Agreement of Analysts

The overall estimate revision trend is very flat. Over the last 30 days, 1 out of total 8 analysts covering the stock raised his earning estimates for both the second quarter and fiscal 2010. No analyst made any downward earning estimate revision during this period. The current Zacks Consensus Estimate for the second quarter is 21 cents per share, which is actually indicating a 5.11% fall from the prior-year result.

We believe increased competition in the videoconferencing market is the main reason for this negative outlook. After Cisco System Inc’s (NASDAQ:CSCO) acquisition of Tandbarg and Logitech International SA’s (NASDAQ:LOGI) purchase of LifeSize Communications, Polycom is facing severe pricing pressure.

Nevertheless, the current Zacks Consensus Estimate for fiscal 2010 is 93 cents per share, which indicates a substantial gain of 18.59% year over year. We believe positive sentiments come from the future growth potential of the videoconferencing industry. As a result of economic downturn, business enterprises on a global basis are restricting travel budgets as cost control measure. This makes Polycom’s high-definition telepresence solutions a cost-induced alternative in an increasingly interactive world.

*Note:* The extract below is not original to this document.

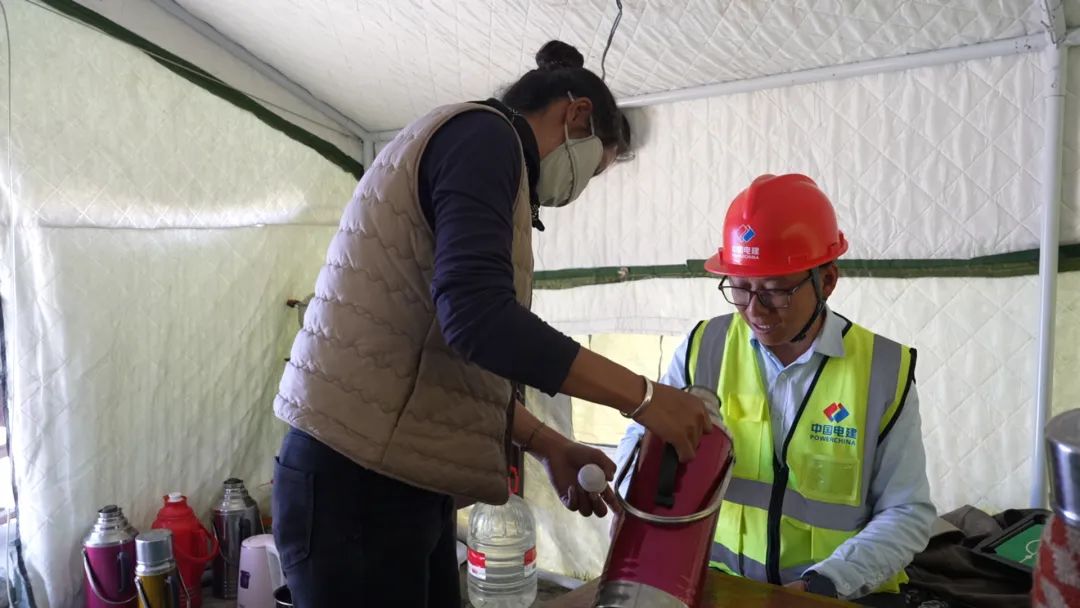 中國電建的楊磊技術(shù)精湛,是工地骨干;村民頓珠熟悉鄉(xiāng)土,是村民主心骨。雖有年齡差,但工作中的相互學(xué)習(xí)與默契配合,讓兩人成了忘年交。東北小伙董玉亮負(fù)責(zé)項目安全和用工,他急切地對頓珠說:“吉雄自然村明天需要2個小工和一臺挖掘機(jī),請村委會幫我協(xié)調(diào)一下。”“放心,人和機(jī)械明天一早一定準(zhǔn)時到。”頓珠立即電話安排,讓董玉亮安心。巴桑也趕忙為董玉亮倒上他最愛的酥油茶。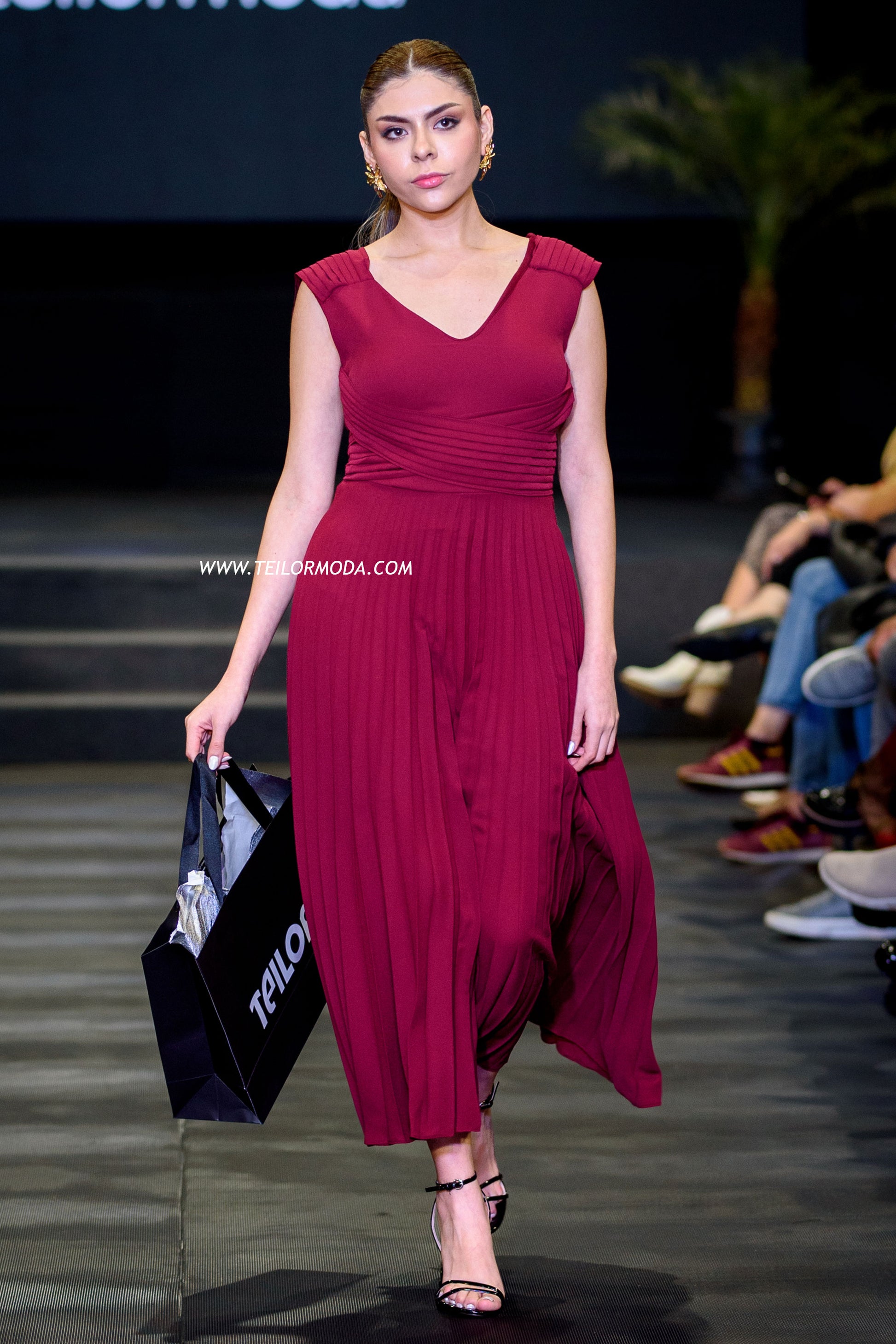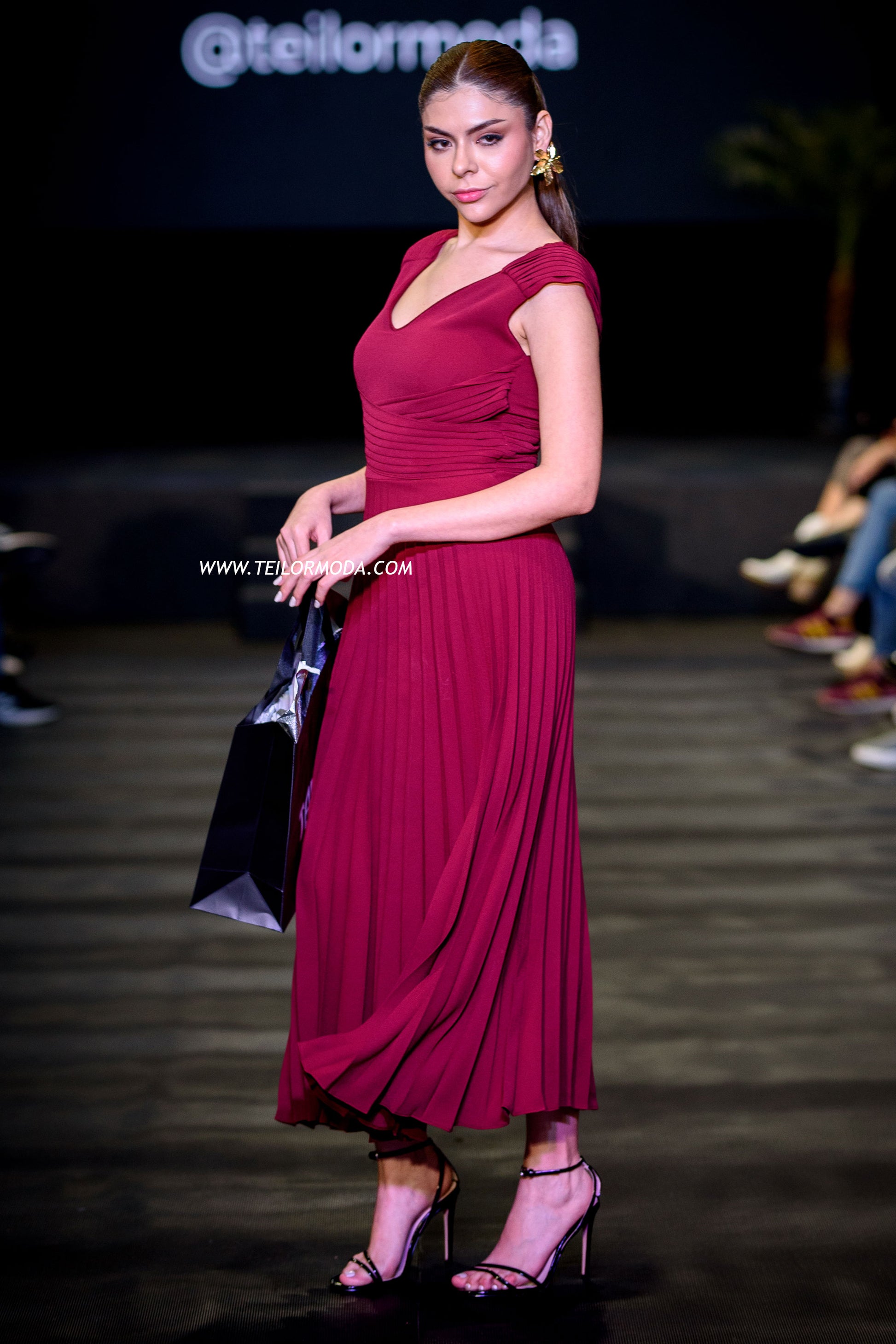 - Mientras que la falda midi plisada ofrece un movimiento fluido que resalta la elegancia en cada paso.

Magnitude of Estimate Revisions

In synergy with the flat estimate revision trend, the Zacks Consensus Estimate for the second quarter 2010 earnings per share remained the same during the last 30 days. However, for fiscal 2010, the Zacks Consensus Estimate decreased by 1 cent in the same time period.

Our Recommendation

Currently Polycom is a short-term Zacks #2 Rank (Buy) stock. This is primarily due to several positive industry trends that may allow Polycom to maintain healthy profit margins and a strong balance sheet. At the same time, this is also our view that these positives are already reflected in the current valuation leaving little room for above-market gain. The stock price moved up 53% in the last one year. We thus maintain our long-term Neutral recommendation for Polycom.